Thomas Cook plans to become the largest online travel agent in Europe where there is currently no dominant player, chief executive Manny Fontenla-Novoa revealed

Thomas Cook plans to become the largest online travel agent in Europe where there is currently no dominant player, chief executive Manny Fontenla-Novoa revealed.


Speaking exclusively to Travolution he said Expedia and Priceline had the online travel market pretty much sewn up in the US, but that the marketplace in Europe was “totally wide open”.


“Tui up until now has been concentrating on increasing online sales of its own product – it is not an online travel agency where you would think to go for a BA flight or a cruise.


“Expedia is a fantastic online retailer, but mainly of hotels in cities and airline seats – not beach product. This is why we see an opportunity for us and why we’re so excited about it,” he said.


“There’s a space we want to go into. Expedia has 100,000 hotels across the world. We want direct contracts with all of those; add them to all the beach product that we’ve already got and we’ll have the widest range of anyone. That’s what will make us unique.”
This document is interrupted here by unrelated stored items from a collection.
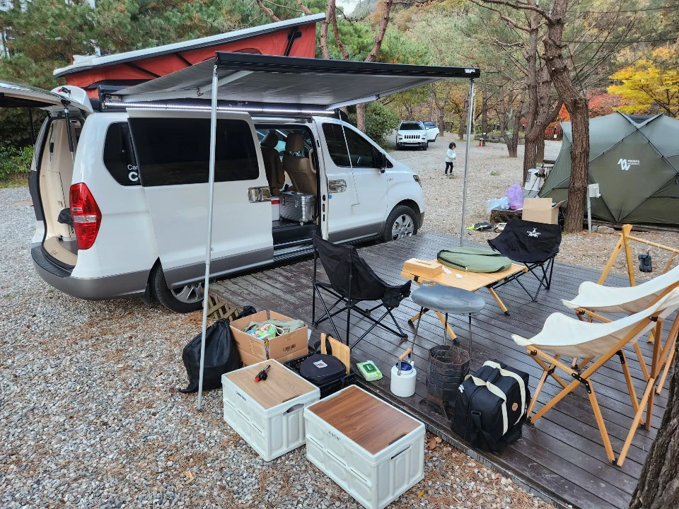 그 많은 캠핑장 데크 중에서 캠핑카를 가지고 온 집은 저희 집뿐입니다. 좀 창피하다는 생각도 들지만 그런 것 따위 제가 아랑곳 할리 없지요.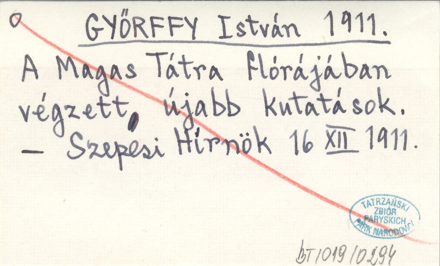 GYŐRFFY István 1911 A Mahas Tátra flórájában végzett újabb kutatások.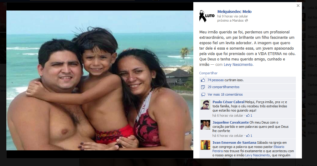 Os amigos do casal Levy Oliveira do Nascimento e Gislaine Mesquita, que morreu juntamente com o filho Ian Levy, de 6 anos, em acidente no quilômetro 235 da BR 174 (Manaus/Boa Vista), manifestaram no Facebook solidariedade a familia no dia de ontem.

Fontenla-Novoa said his vision for Cook’s OTA business as a pan-European agent, was to offer consumers the ability to book flights, cars and hotels all over the world, mainly for leisure short breaks.


Cook has taken on former Expedia managing director Simon Breakwell to help realise the dream.
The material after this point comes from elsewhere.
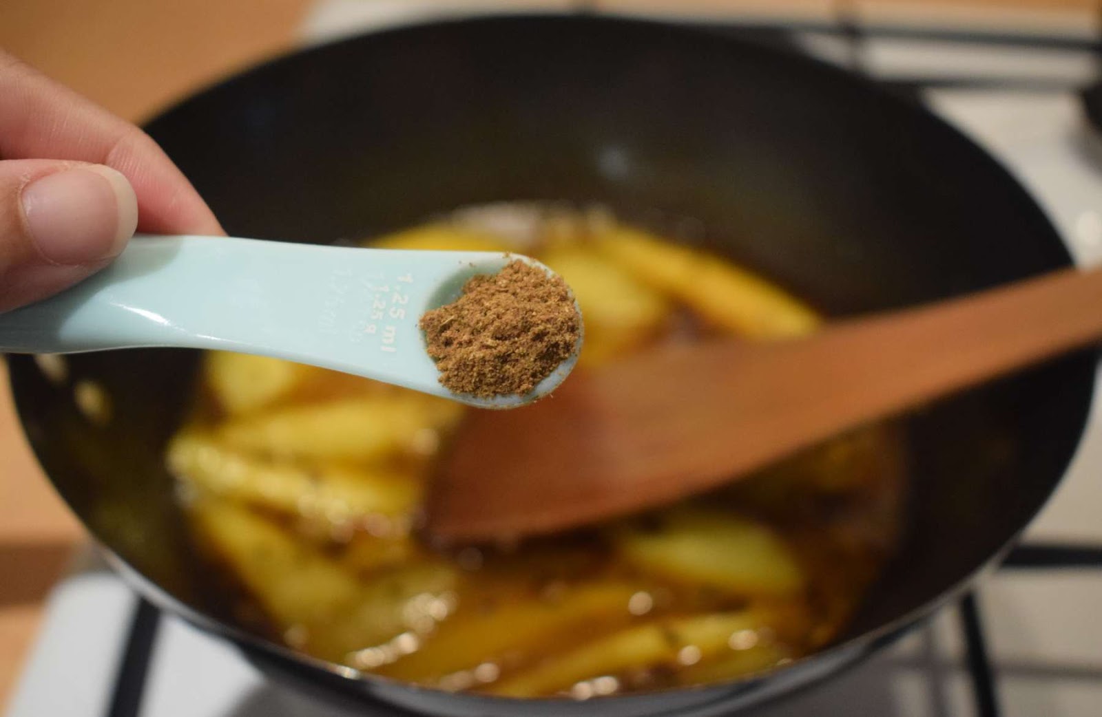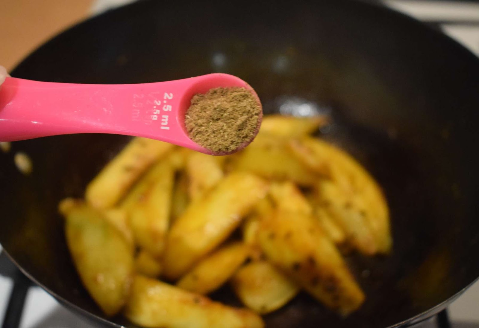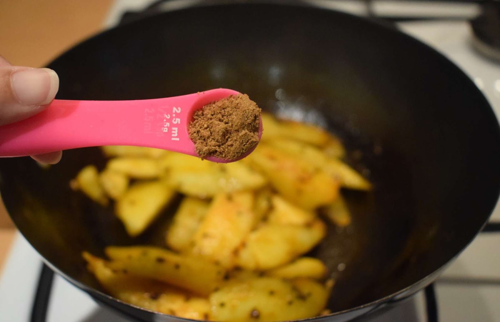 - Cover the pan and cook it in lowest flame for a minute. Add 1 tablespoon of water if required to cook the spices.

Fontenla-Novoa explained that ‘independent travel ‘, or non packages, accounted for 25% of Thomas Cook’s total revenues.


And he predicted sales of package holidays online would never go beyond 35-40%.


“Currently 30% of our packages are sold online,” he said. “I actually think there are signs that online is slowing down. I think the high street will thrive – I always said that even when others were predicting its demise.


Cooks currently operates 800 shops in the UK which Fontenla-Novoa still believes will reduce to between 650-800 over the next five years.


“We will invest in all channels and let the customer decide. What I have to do is have enough flexibility in my model, so that if one channel declines, we can react,” he said.


In a recent investment day for the City Breakwell set out Thomas Cook’s ambition to become a top three European OTA.


He said it was targeting £3-£3.5 billion of incremental sales in the medium term and “significant profit” from OTA growth.


A strategy document added that the OTA model would open up new source markets including Spain and Italy and claimed, with 2.6 million unique users in January it had a “significant platform to build on”.


It concluded “work is well underway, with thomascook.com UK sales already up 30% year on year”.